Four disturbing consequences of Pelosi’s tax retreat
For the past few months, I (and others in favor of allowing the Bush-era tax cuts for the rich to expire) had worried that once we got into the lame duck session, congressional Democrats would let their position slip and start supporting extending tax cuts for couples with income above $250,000 (individuals above $200,000). But I thought at the very least it would happen in the last month or two, when the pressure was really being brought to bear.
Turns out, it happened a lot sooner than that. Yesterday, House Minority Leader Nancy Pelosi (D-Calif.) signaled support for allowing the Bush-era tax cuts under $1 million to expire. Pelosi explained, “It is unacceptable to hold tax cuts for the middle class hostage to extending multi-billion dollar tax breaks for millionaires, Big Oil, special interests, and corporations that ship jobs overseas.”
Yes, I understand that “tax breaks for millionaires” sounds better in a press release than “tax breaks for households with income over $200,000, or $250,000 for couples.” And perhaps she felt forced into this, worrying that she might not be able to hold her caucus at the $250,000 mark, opting instead to retreat to more defensible terrain before the battle royal later this year.

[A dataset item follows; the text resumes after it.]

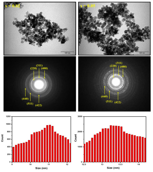 To further study the structure, morphology, and particle size, TEM and SAED were employed on Co0.5Ni0.5)[TmxTbxFe2−2x]O4 (x = 0.02 and 0.05) NSFs as seen in Figure 4. The TEM images disclosed the aggregation of cubic and spherical particles. Thus, observation of TEM images confirmed the uniformity of the particles. The particle size distribution histogram were calculated via Image J software and found that DXRD of products have been within the range of 9–15 nm (Figure 4). The SAED showed a spotty bright ring with different intensities that confirmed the purity of the spinel NSFs ferrites structure. Accordingly, the index planes are consented with the XRD results.

But this shift has a number of very disturbing consequences:
1) Slipping to the right.This will now be the left pole of the debate. The Democratic Party has moved from opposing the Bush-era tax cuts to supporting 80 percent of them, to now supporting nearly 90 percent of them. And yet these concessions have been given for free, without any countervailing progressive demands. This is just more evidence that the tax debate is shifting further to the right. Pelosi may have done this for short-term advantage, but in the long run, these shifts tend to be very difficult to reverse.

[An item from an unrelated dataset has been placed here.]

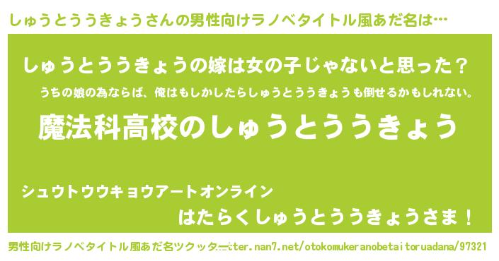 | 意味不明あだ名 | 『自称しゅうとううきょう』 |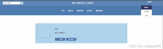 (1)用户注册登录:用户注册为普通用户并登录“星光”演唱会网上订票系统;用户对个人信息的增删改查,比如个人资料,密码修改。

2) More spending cuts. Given that the Bush-era tax cuts cost $2.6 trillion over the last decade and will cost over $4 trillion in the next decade, this concession will put even greater pressure on the budgets of vital safety net and public investment programs.

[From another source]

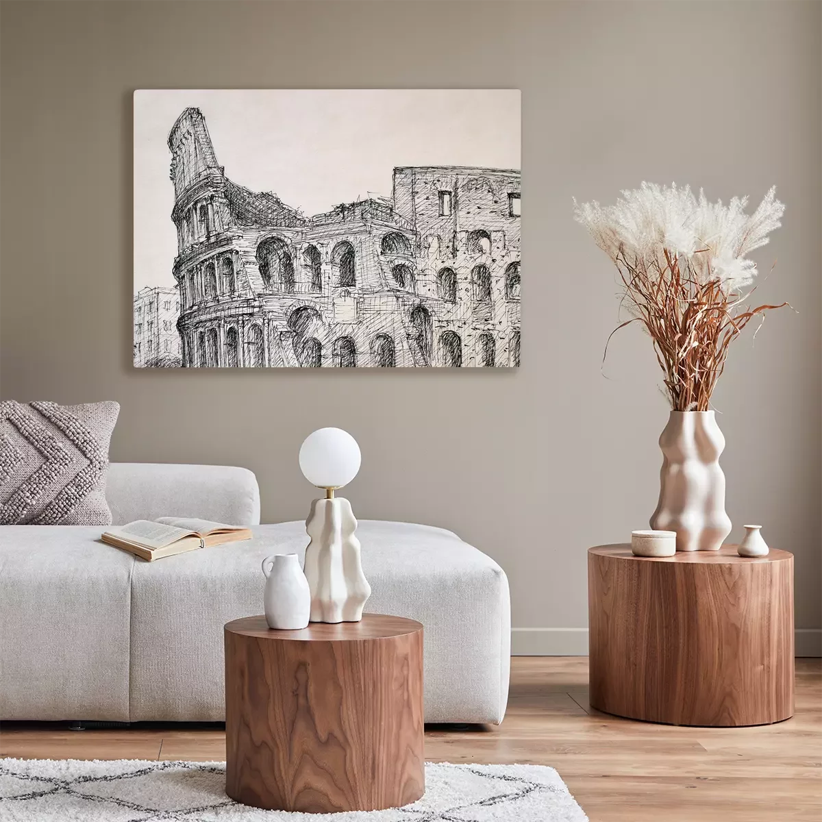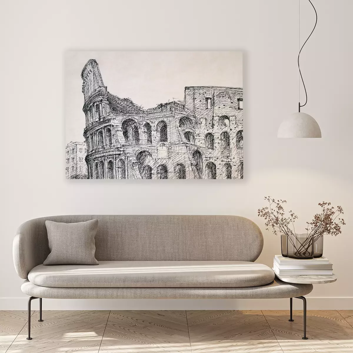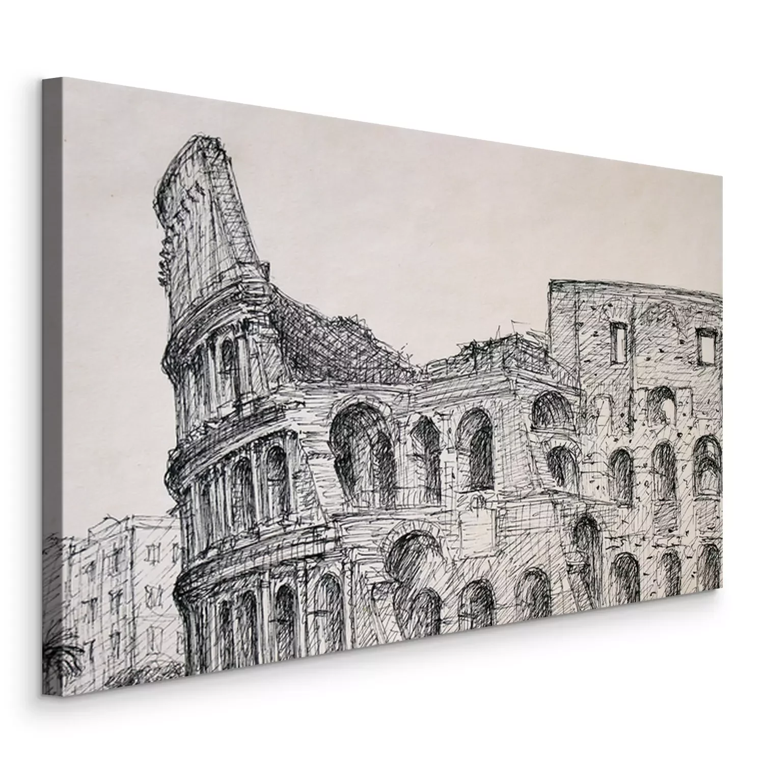Canvas: Romeinse stadsgezicht van het Colosseum geschilderd door inkt

3) The definition of “middle class” is losing relevance. The previous definition of the middle class as being anyone under the $250,000 threshold was already a severe stretch. After all, you’re talking about people who (1) are making five times that of the typical American household (which makes closer to $50,000 a year in combined income), and (2) whose incomes are higher than 98 percent of American households. To now extend the definition of middle class to people who make 20 times that of the average household and whose income is greater than over 99 percent of households is to define away the entire concept of the middle class.
4) Bigger tax cuts to the highest-income Americans. This shift isn’t just a huge boon to upper-income households making between $250,000 and $1 million in income. In fact, about half of these additional tax cuts would go toward households with over $1 million in income. This is because the cut-off—be it $250,000 or $1 million—represents the portion of a taxpayer’s income that is subject to the continued tax cut. So the previous Democratic position—which remains President Obama’s public position—is that if you make over $250,000, you still get to keep your tax cuts for all your income below that threshold and only have to pay higher rates on income above that threshold. Revising the threshold up to $1 million basically means that all income between $250,000 and $1 million also retains its tax cuts, and as it turns out, about half of those tax cuts will go to people with income over $1 million.
As Jared Bernstein said, we’ll let the game theorists argue over whether this helps or hurts the Democrats’ negotiating position. But even if this does give the Democrats the upper hand in negotiations, what then? The whole point is to enact a tax code that can adequately fund the social safety net and public investments that we need to create a stronger economy with equal opportunity for all. Retaining the tax cuts for most people making over $250,000 and reducing the tax increase that people making over a $1 million would be subject to, makes that job significantly more difficult, if not impossible.